American prospector Lafayette French, who had financed Lemon’s original expedition, tried to find the gold but contracted a debilitating illness and had to abandon his journey. French later found William Bendow, one of the men who had witnessed Blackjack’s murder. Bendow promised to lead French to the site, but he suddenly died from an unknown ailment. After 30 years of searching, French wrote to a friend to say he had finally found the Lemon gold. That night his cabin burned, and before he could reveal his secret, he died.

The Lost Lemon Mine: The Greatest Mystery of the Canadian Rockies (1958) by Dan Riley, Tom Primrose, and Hugh Dempsey, and The Lost Lemon Mine: An Unsolved Mystery of the Old West (2011) by Ron Stewart, have attempted to explain the mystery, but many questions remain unanswered.
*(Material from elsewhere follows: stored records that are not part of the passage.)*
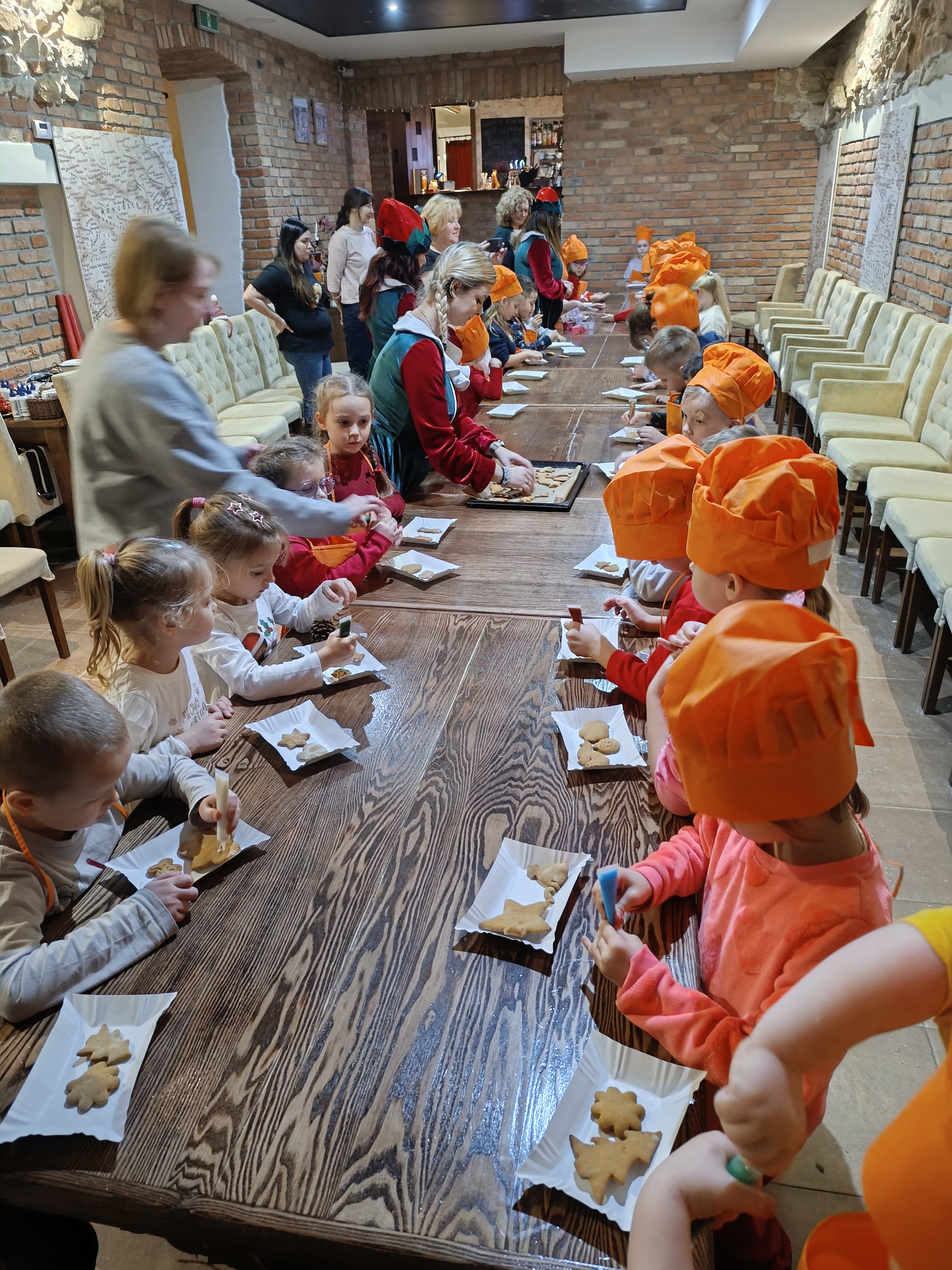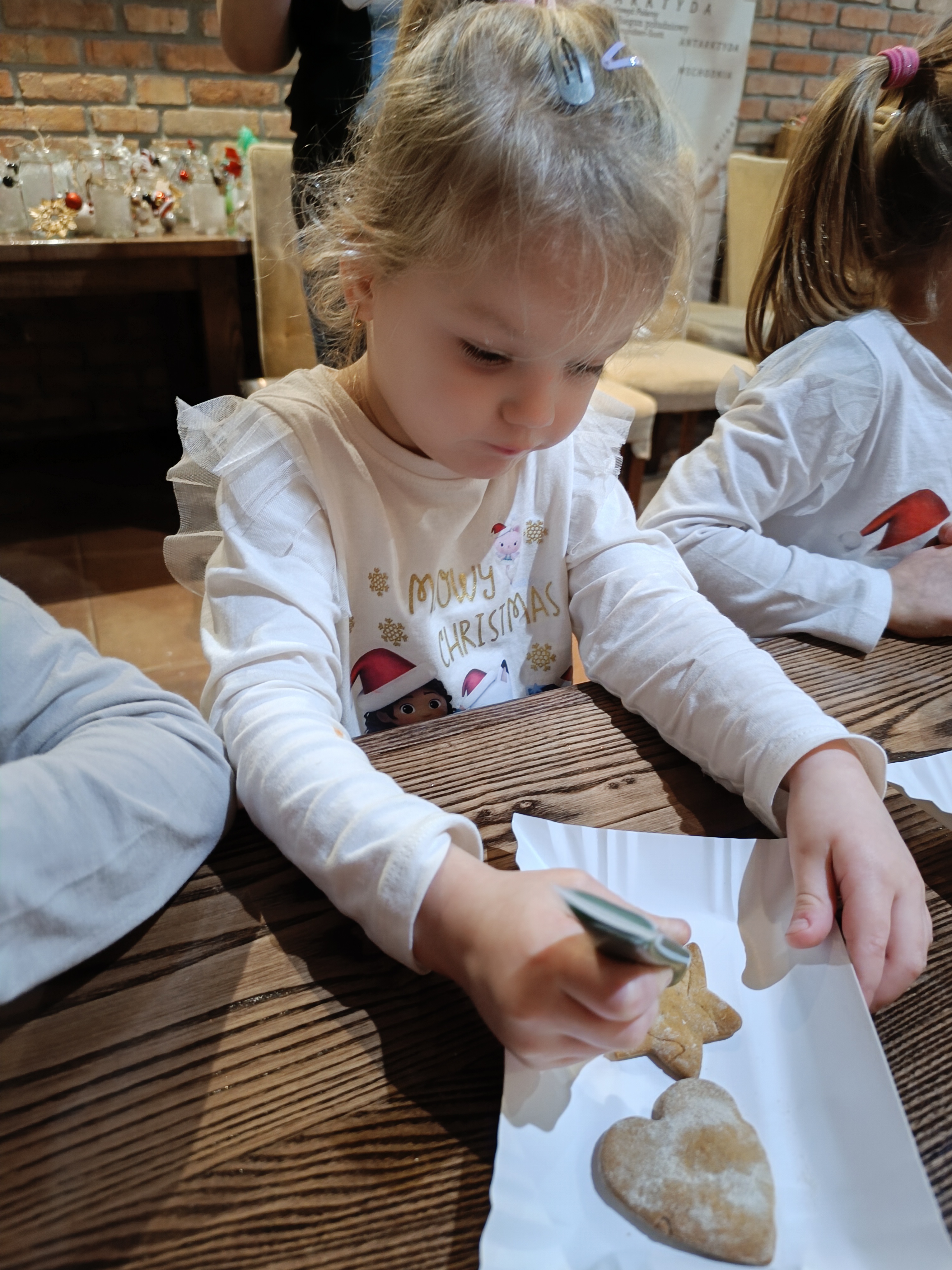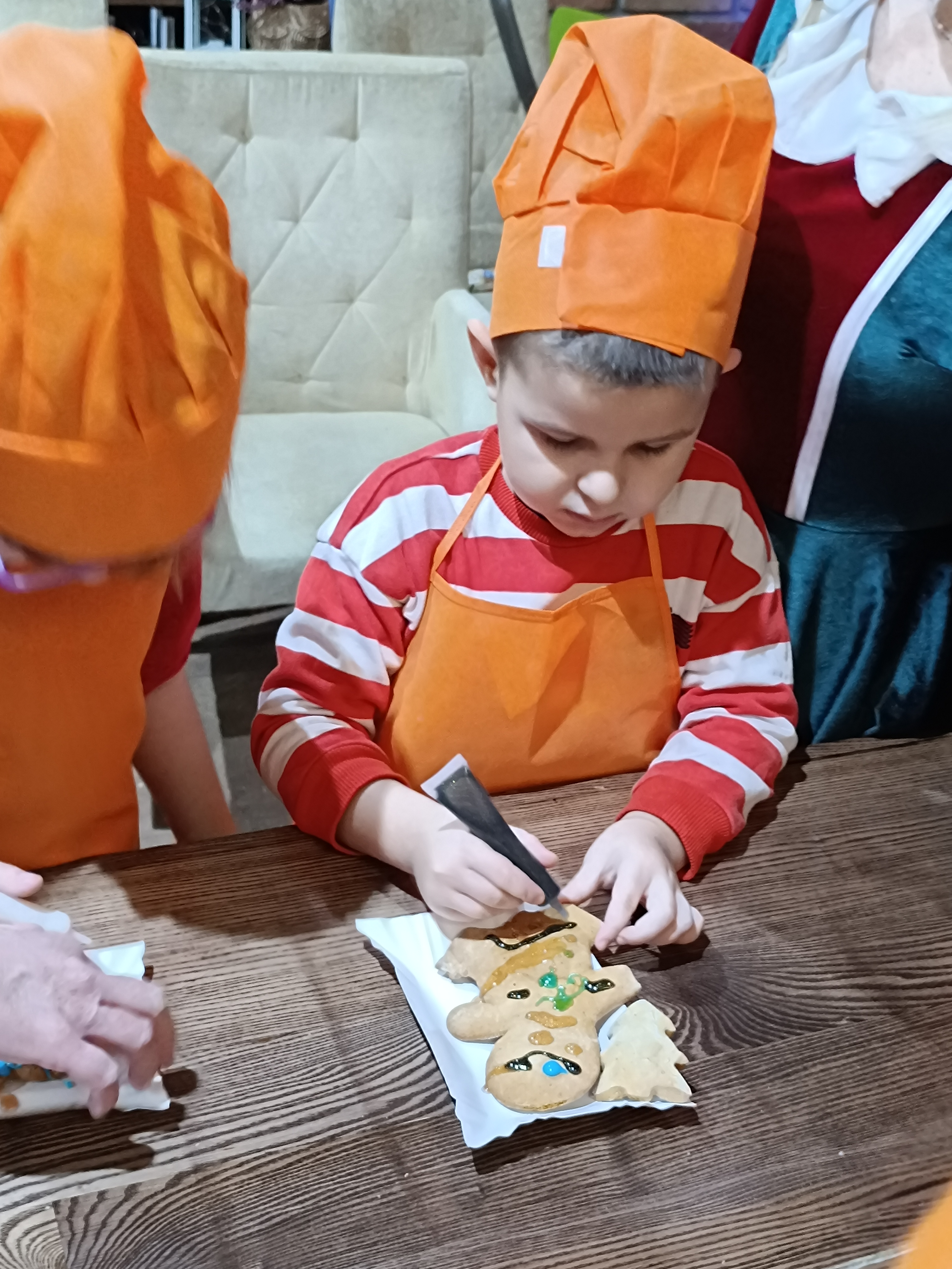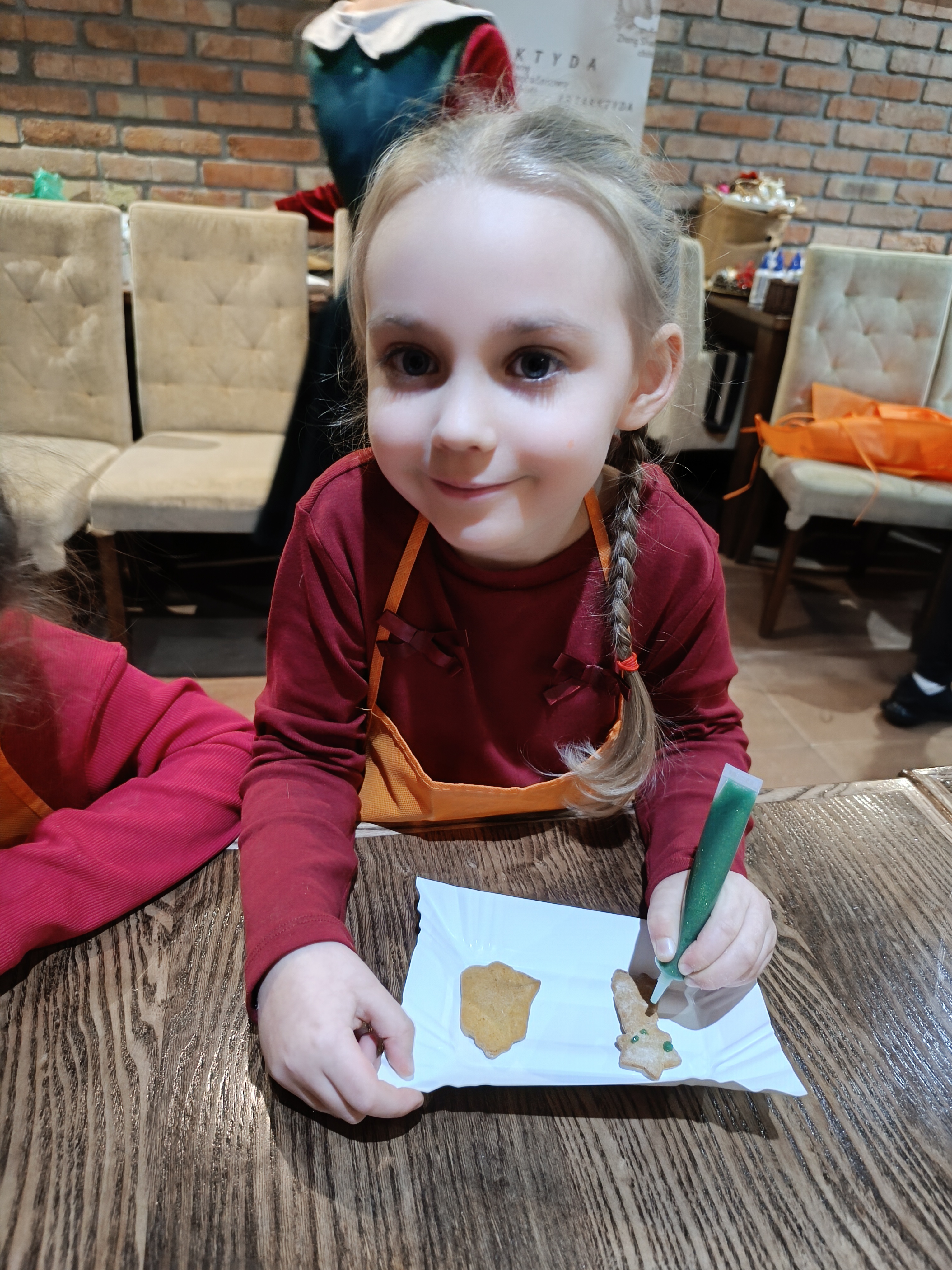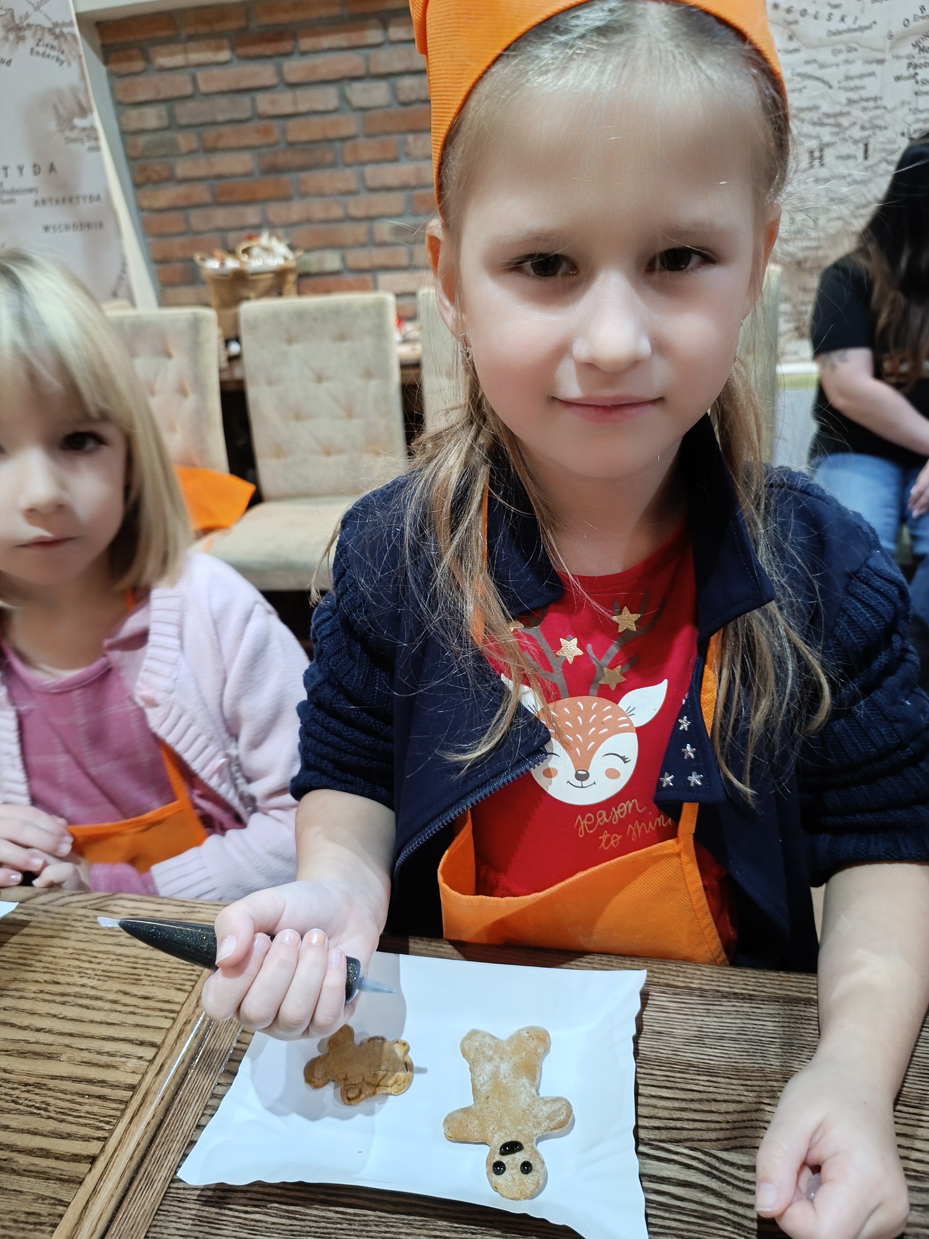 Samodzielnie piekły pierniczki, dostały ciasto, wałkowały je, wykrajały różne kształty świąteczne, a następnie zostały upieczone i ozdobione przez dzieci według własnych pomysłów.
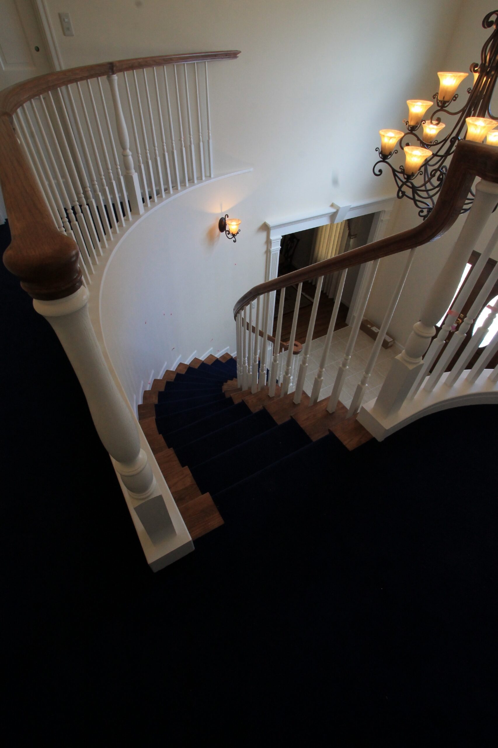アメリカの邸宅を思わせる広々としたエントランスとサーキュラー階段。目の覚めるようなロイヤルブルーの繊毯がエレガントな表情を添えています。アメリカ式の靴のままの暮らしにも対応できるよう、大理石を致き詰めました。
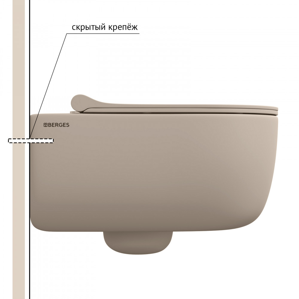 Унитаз подвесной BERGES EGO XL 082728 безободковый с микролифтом

5. Death on the Kettle Valley Line

Peter Verigin, religious leader

Among the thousands who settled the Canadian West in the 1890s were Doukhobors from Russia. Peter Vasilievich Verigin was the leader of the Doukhobors, a pacifist sect from Russia. Many of his followers believed him to be semidivine. (See also Russian Canadians.)

On 29 October 1924, the 65-year-old was travelling in a Canadian Pacific Railway car in British Columbia’s Kettle Valley when an explosion destroyed the train and killed him and all but two of his fellow passengers. An RCMP investigation was unable to conclude whether it was an accident or assassination.

Verigin’s son, Peter Petrovich, had threatened to kill his father during his 1905 visit to Canada. Suspicion fell on Peter Petrovich when, in 1927, he assumed the leadership of the Doukhobor sect in Canada. Groups within the Doukhobor community were also considered suspects. Independent Doukhobors wanted to pursue material wealth, while the Sons of Freedom wished to maintain traditional ways, and neither group thought Verigin represented their goals.

Others suspected the Russian government because at the end of the Russian Revolution, Russian officials asked the Doukhobors to return, but Verigin had refused. Meanwhile, many Western Canadians were suspicious of the Doukhobor culture, language and insularity, and someone motivated by nativist fear could have killed Verigin. The case remains unsolved.